Nesse sentido, Spinoza é profundamente imoral. Ele possui uma natureza afortunada,
pois o problema moral, o bem e o mal, ele nem mesmo compreende o que isso quer
dizer. O que ele compreende, são os bons encontros, os maus encontros, os aumentos e
diminuições de potência. Assim, ele produz uma ética e de modo algum uma moral. É
por isso que ele marcou Nietzsche com tanta força.

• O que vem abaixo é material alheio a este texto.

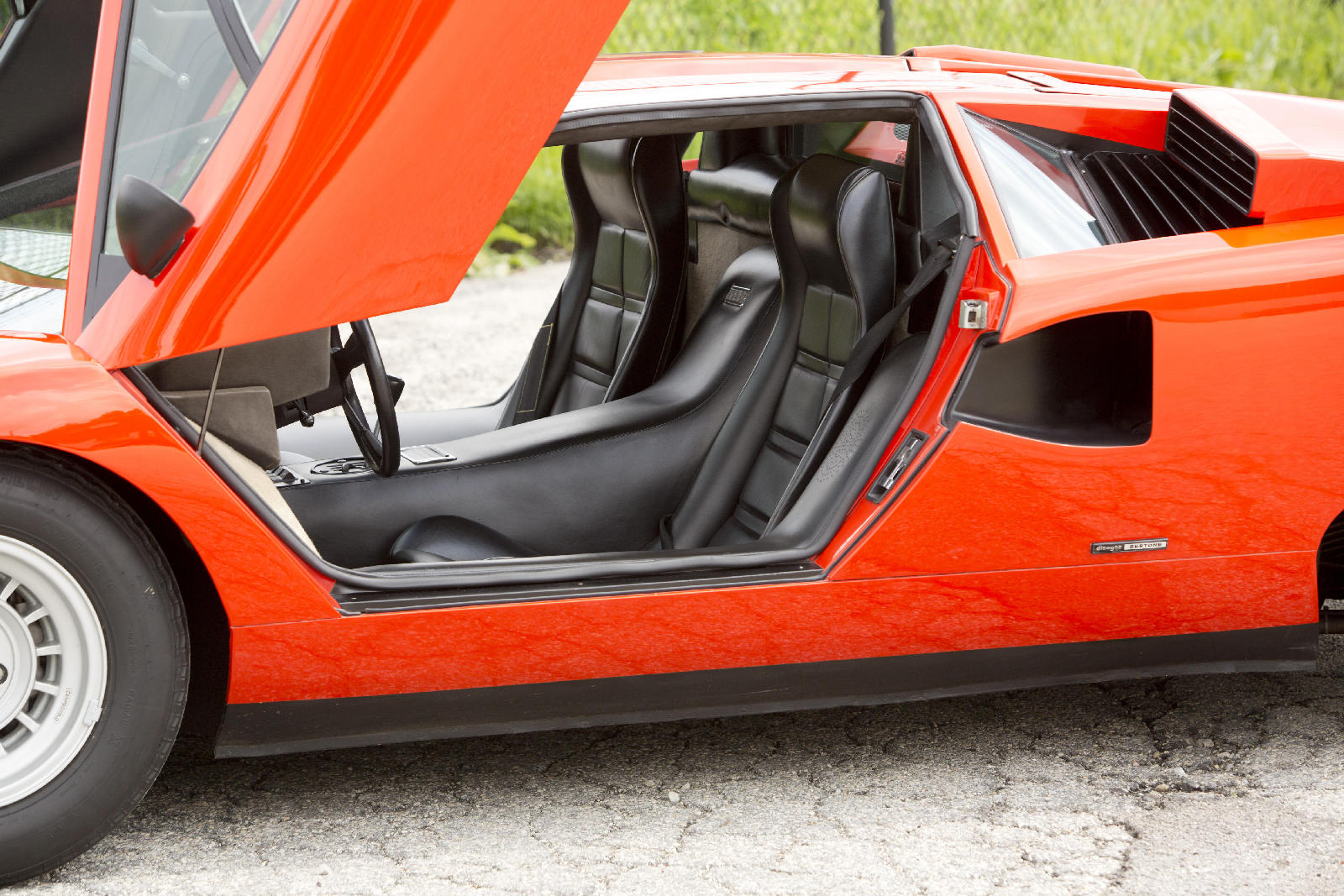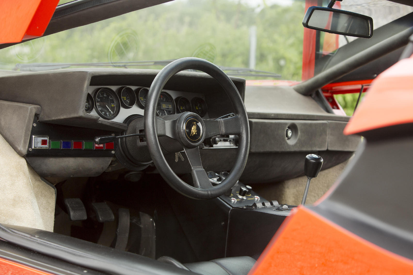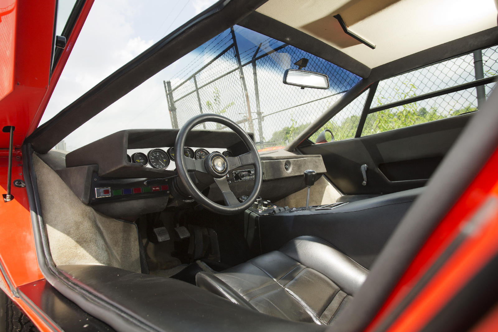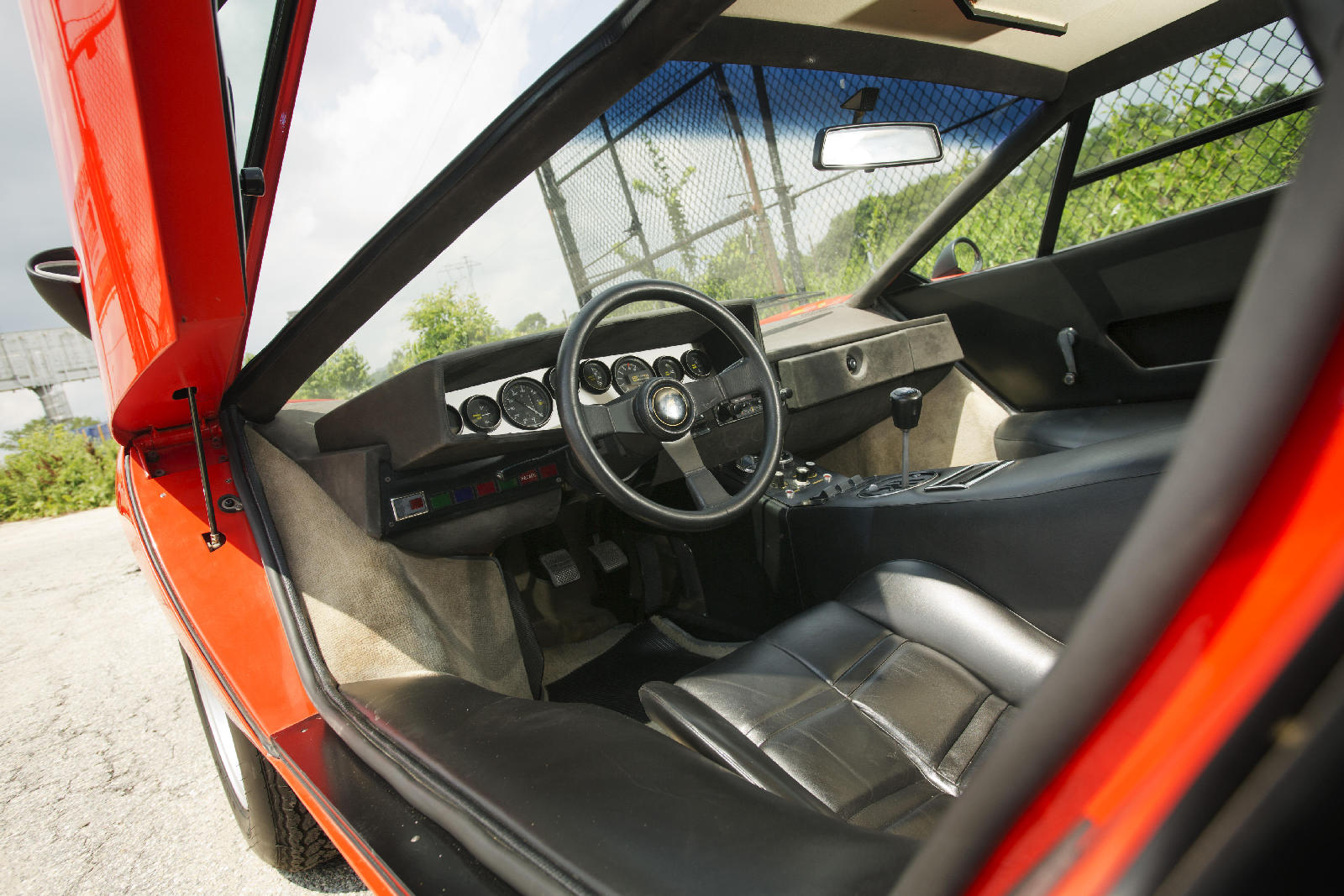 Y si hoy recordamos al fabuloso Lamborghini Countach Periscopica es porque una de esas joyas, el chasis no. 1120126, producido en el segundo año de producción del modelo, en 1975, sale a subasta. Salió de la fábrica como ves en las fotos, pintado en Rosso Lamborghini, ese rojo anaranjado quemado, con el interior negro.

Nós estamos completamente encerrados neste mundo das idéias-afecção e dessas


contínuas variações afetivas de alegria e de tristeza, então ora minha potência de agir
aumenta, que bom, ora ela diminui; mas quer ela aumente, quer ela diminua, eu
permaneço na paixão porque, nos dois casos, eu ainda estou separado de minha potência
de agir, eu não estou de posse dela. Portanto, quando minha potência de agir aumenta,
isso quer dizer que eu estou relativamente menos separado dela, e vice-versa, porém eu
estou formalmente separado de minha potência de agir, eu não estou de posse dela. Em
outros termos, eu não sou causa de meus próprios afetos, e uma vez que eu não sou
causa de meus próprios afetos, eles são produzidos em mim por outra coisa: eu sou
portanto passivo, eu estou no mundo da paixão.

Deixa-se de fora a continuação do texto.